◆ WHAT IS NEEDED:
Please output, exactly and without pictures, the lines from the opening of the listing below through the line containing "今週9/18(木)からスター", both included.

◆ COLLECTED MATERIAL:
━━━

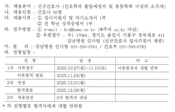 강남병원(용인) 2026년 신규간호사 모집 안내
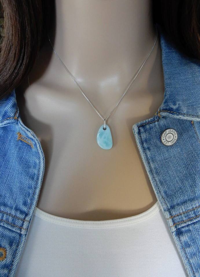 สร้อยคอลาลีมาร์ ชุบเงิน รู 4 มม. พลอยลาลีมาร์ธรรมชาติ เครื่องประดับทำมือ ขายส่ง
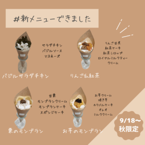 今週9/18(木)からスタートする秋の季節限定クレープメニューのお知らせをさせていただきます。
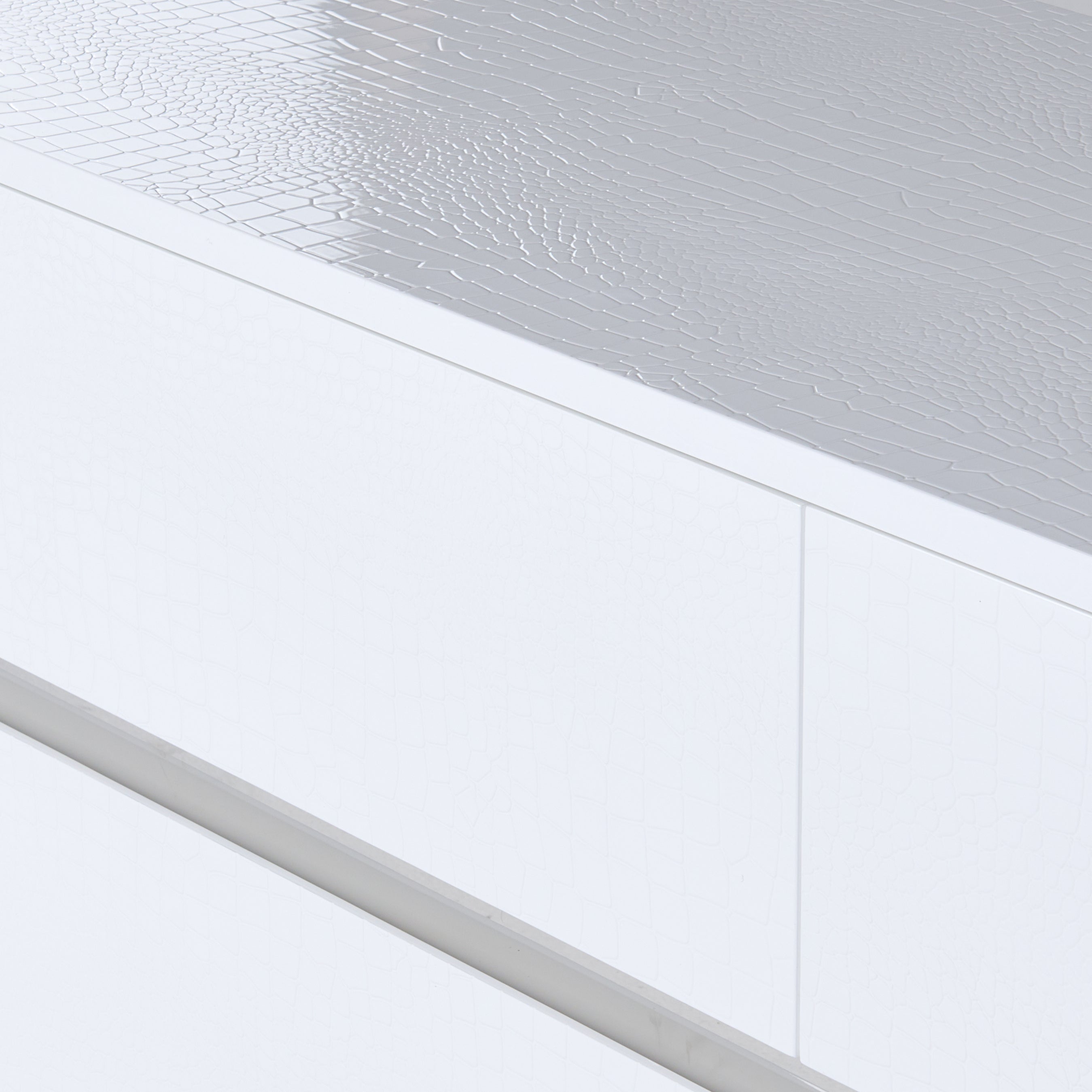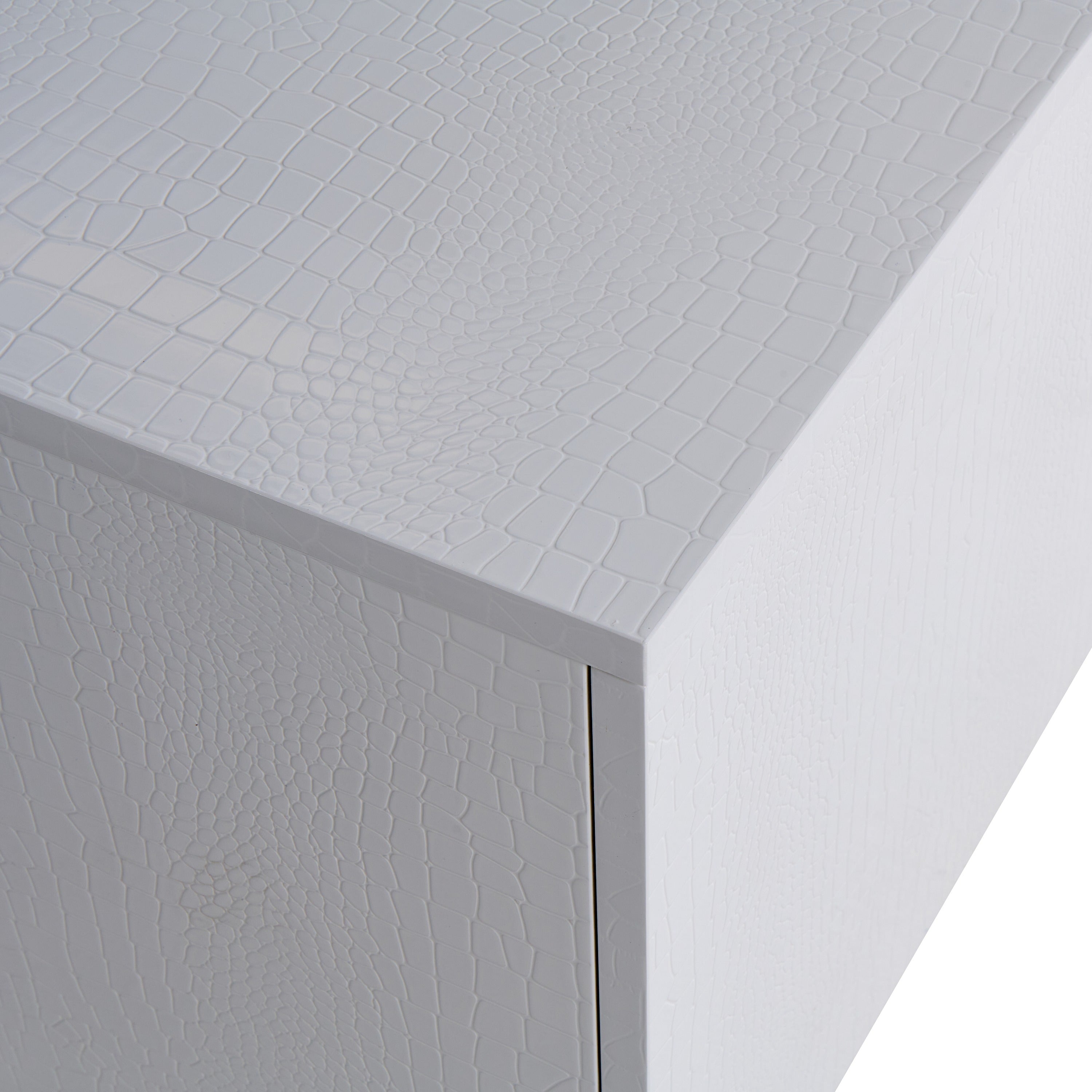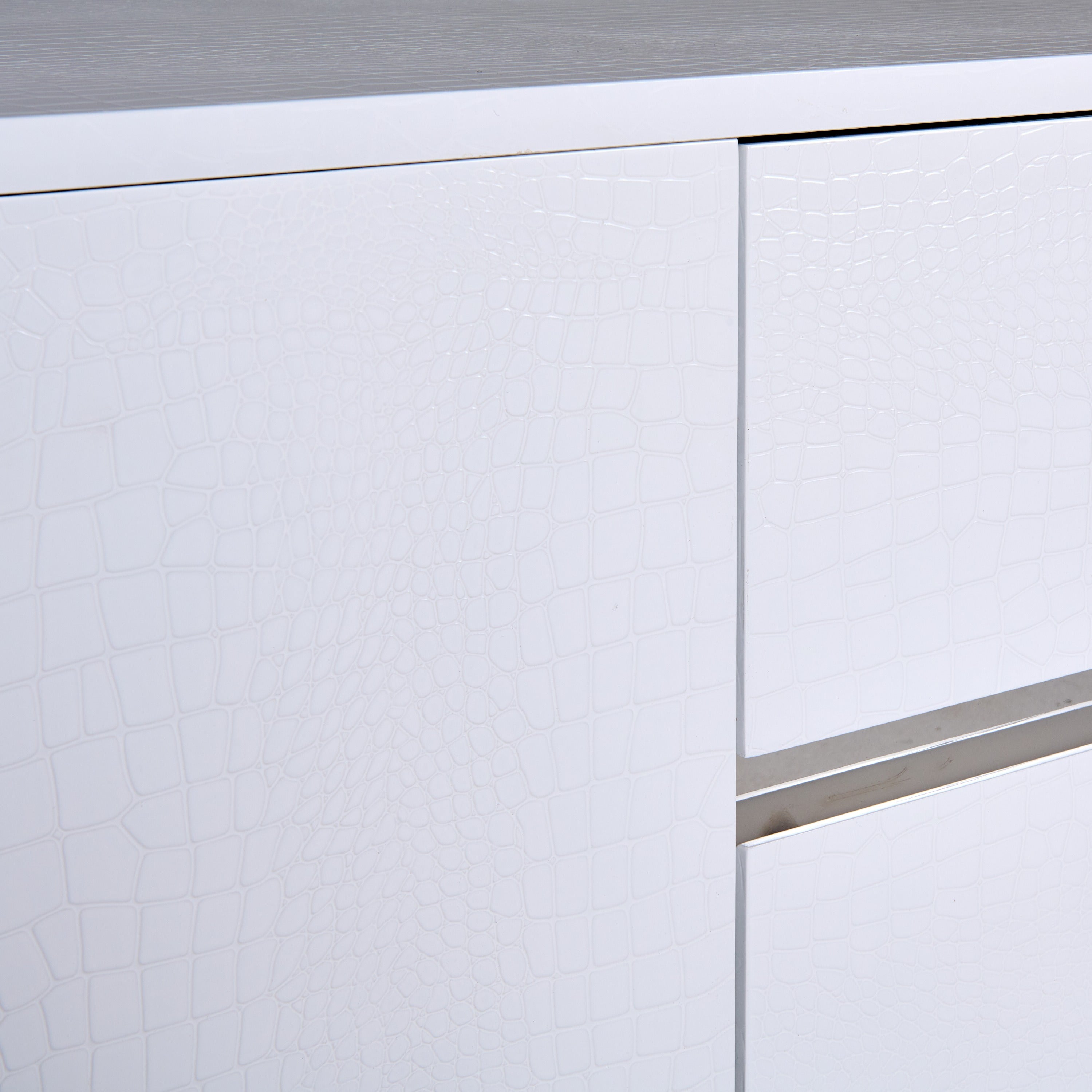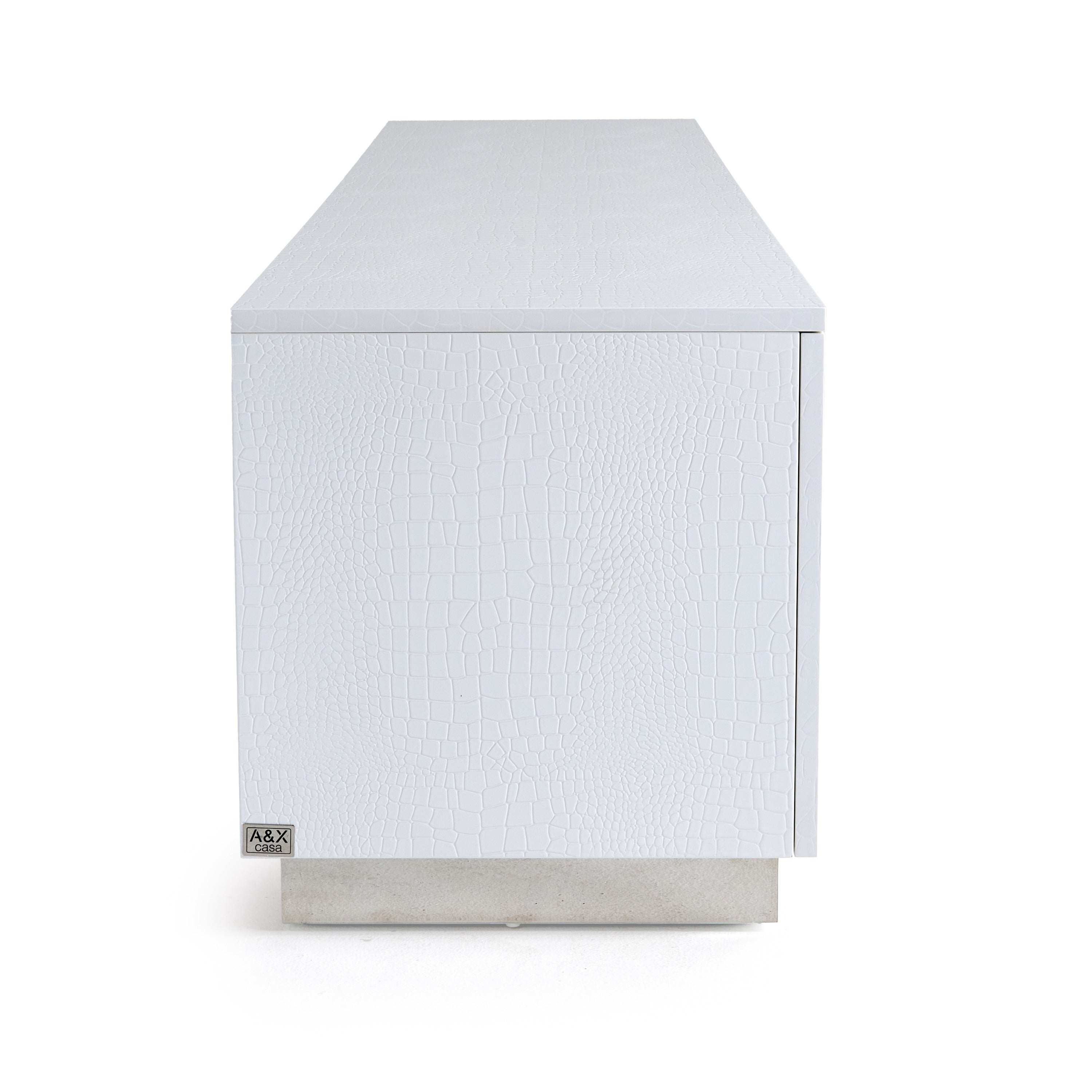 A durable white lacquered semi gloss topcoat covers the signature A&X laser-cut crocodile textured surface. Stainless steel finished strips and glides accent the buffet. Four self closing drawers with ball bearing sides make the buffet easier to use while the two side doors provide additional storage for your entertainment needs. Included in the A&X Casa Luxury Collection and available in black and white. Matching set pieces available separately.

━━━

◆ EXPECTED OUTPUT:
 강남병원(용인) 2026년 신규간호사 모집 안내
 สร้อยคอลาลีมาร์ ชุบเงิน รู 4 มม. พลอยลาลีมาร์ธรรมชาติ เครื่องประดับทำมือ ขายส่ง
 今週9/18(木)からスタートする秋の季節限定クレープメニューのお知らせをさせていただきます。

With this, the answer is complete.